请注意,在asciibetical排序'D'<'a'。在gawk中,如果需要,可以很容易地编写自定义比较函数。
#1
2
With awk:
用awk:
if ("aab" < "aac") {print "aab is sooner"}
#2
0
assume the compared fields are first and second, print the one that is shorter, or if equal length based on lexical order (aka dictionary order)
假设比较字段是第一个和第二个,打印较短的一个,或者如果基于词汇顺序(也就是字典顺序)等长
awk '...
len1=length($1); len2=length($2);
f = len1<len2 || (len1==len2 && $1<$2);
print f?$1:$2; ...'
if you want case insensitive change to tolower($1)<tolower($2)

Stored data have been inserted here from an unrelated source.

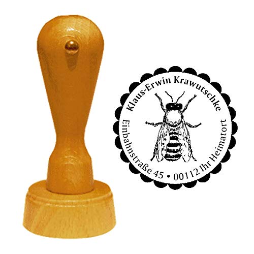 Der Adressstempel besteht jeglicher lackiertem Buchenholz und die Abdruckgröße des Stempels beträgt ca. Ø 40 mm.
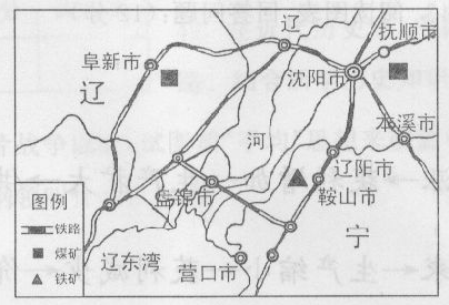 (2)读我国鞍山钢铁工业基地区位示意图,回答: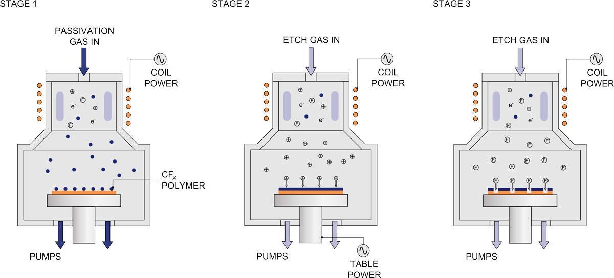 The Bosch process uses a fluorine based plasma chemistry to etch the silicon, combined with a fluorocarbon plasma process to provide sidewall passivation and improved selectivity to etch mask. A complete etch process cycles between etch and deposition steps many times to achieve deep, vertical etch profiles. It relies on the source gases being broken down in a high-density plasma region before reaching the wafer.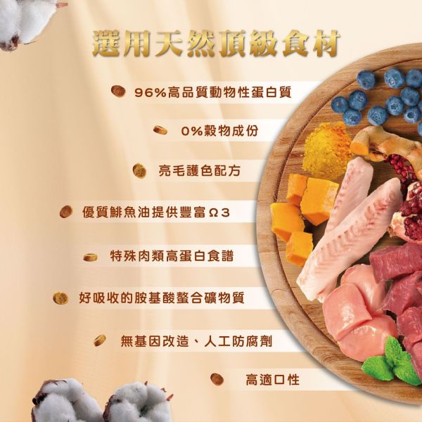 營養成分及含量:粗蛋白23%、粗脂肪18%、粗纖維2.9%、粗灰分7.9%、鈣0.9%、磷0.8%、Omega-3 2.30%、Omega-6 1.60%、EPA 0.7%、DHA 1%、葡萄糖胺 1200mg/kg;硫酸軟骨素 900mg/kg。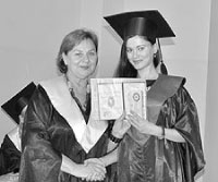 ЗДОБУЛИ ДИПЛОМИ Випускники Українсько-Арабського Інституту міжнародних відносин та лінгвістики імені Аверроеса здобули дипломи про освіту рівня «бакалавр» та «магістр» Днями відбулися урочисті збори, присвячені врученню дипломів випускникам освітньо-кваліфікаційного рівнів «бакалавр» та«магістр» Українсько-Арабського інституту міжнародних відносин та лінгвістики імені Аверроеса. До складу президії увійшли директор Українсько — Арабського інституту міжнародних відносин та лінгвістики імені Аверроеса, доктор педагогічних наук, професор МКА Надія Чернуха, завідувач кафедри менеджменту зовнішньоекономічної діяльності, доктор економічних наук, професор Іван Дахно, заступник завідувача кафедри МЗЕД Ірина Хільчевська, заступник завідуючої кафедри політології, кандидат політичних наук, доцент Ганна Дідух. Першою з вітальним словом до випускників звернулася директор Інституту Надія Миколаївна Чернуха: «Сказати, що ми раді вас бачити — це не сказати нічого! Впродовж чотирьох та п’яти років ми крокували разом з вами та докладали усіх зусиль аби надати якісні знання, такі, яких вимагає сьогодення. А ви, в свою чергу, з користю використовували наші освітні послуги. У кожної людини в житті є знаменні події та дати, дуже вірю та сподіваюся, що однією з таких подій є сьогоднішній урочистий випуск. Дирекція Інституту щаслива від того, що кожен з вас по-своєму гідно пройшов етап життєвої та професійної самореалізації. Хочу висловити надію, що ви не зупинитися на шляху особистого та професійного розвитку, а диплом бакалавра та магістра, отриманий в Академії, допоможе кожному з вас знайти своє місце у житті та на ринку праці». Вже традиційно Іван Іванович Дахно розпочав свою вітальну промову з жарту, приєднавшись до слів привітання директора Інституту, додавши: «Я сподіваюся, що ми-викладачі дали вам хороші знання та хорошу освіту, яка допоможе вам у майбутньому. Освіта на цьому не закінчується, і без сумніву, ви будете продовжувати навчання та збагачувати себе новими знаннями. Зичу вам успіхів та усього найкращого на освітянській та життєвій ниві». До слова запросили заступника завідувача кафедри МЗЕД Ірину Хільчевську: «Кожного разу на таких зустрічах ловиш себе на думці, що це і радісна подія, але і сумна. Тому що за час навчання ми усі встигли звикнути до вас і сподіваємося, що вам було приємно та цікаво приходити на наші заняття. Бо частинка вашого життя пройшла в Академії, і маємо надію, що ви будете згадувати про наш навчальний заклад лише приємні речі. Бажаю вам, щоб ті знання, які ви отримали в наших стінах приносили вам успіх, радість — духовну, матеріальну та моральну». Завершальне слово в плеяді вітальних промов надали заступнику завідуючої кафедри політології, кандидату політичних наук, доценту Ганні Дідух: «Дорогі випускники, я хочу, щоб ви подивилися один на одного і запам’ятали цей блиск у ваших очах. Говорять, що молодість прекрасна, ви усі дуже красиві, молоді, енергійні, у вас багато планів, ідей, життєвих концепцій, і я хочу побажати, щоб цей блиск у ваших очах залишився і через 5, 10, 30 років, коли ви будете приходити до нас у гості. Завжди залишайтеся такими же молодими та красивими, якими ви є зараз. Я вас вітаю з цим успішним етапом у вашому житті і переконана, що усі наступні етапи будуть такими ж успішними». Тради

如果您希望不区分大小写更改为tolower($ 1)
#3
0
If you are only dealing with two strings, you can use awk's behavior with string comparison and a ternary to assign the two strings to a single string in the order you describe:
如果您只处理两个字符串,则可以使用字符串比较的awk行为和三元组按照您描述的顺序将两个字符串分配给单个字符串:
$ echo "aac,aab
Donald J Cat,Donald J Bat
zoom batman,ahem Mr President
zzzzzz,a
aa,z" | awk -F, '{s=$1<$2 ? $1 "," $2 : $2 "," $1; print s}'
aab,aac
Donald J Bat,Donald J Cat
ahem Mr President,zoom batman
a,zzzzzz
aa,z
This will print the two words in asciibetical order; an a
beats a full hand of zzzz
's
这将以asciibetical顺序打印两个单词;一个击败zzzz的全部手
If you wanted to sort more than one string, and you have a recent gawk
vs POSIX awk, you can use PROCINFO
to traverse an array sorted by values:
如果你想排序多个字符串,并且你有一个最近的gawk vs POSIX awk,你可以使用PROCINFO来遍历按值排序的数组:
echo "aac,aab,Donald J Cat,Donald J Bat
zoom batman,ahem Mr President,zzzzzz,a,aa,zz" | awk -F, '{s="";split("",a);
for (i=1;i<=NF;i++) a[i]=$i
PROCINFO["sorted_in"] = "@val_num_asc"
for (e in a) s=s a[e] ","
print gensub(",$","","1",s)}'
Donald J Bat,Donald J Cat,aab,aac
a,aa,ahem Mr President,zoom batman,zz,zzzzzz
Note that in asciibetical sorting 'D'<'a'
. In gawk, it is easy to write a custom comparison function if needed.
请注意,在asciibetical排序'D'<'a'。在gawk中,如果需要,可以很容易地编写自定义比较函数。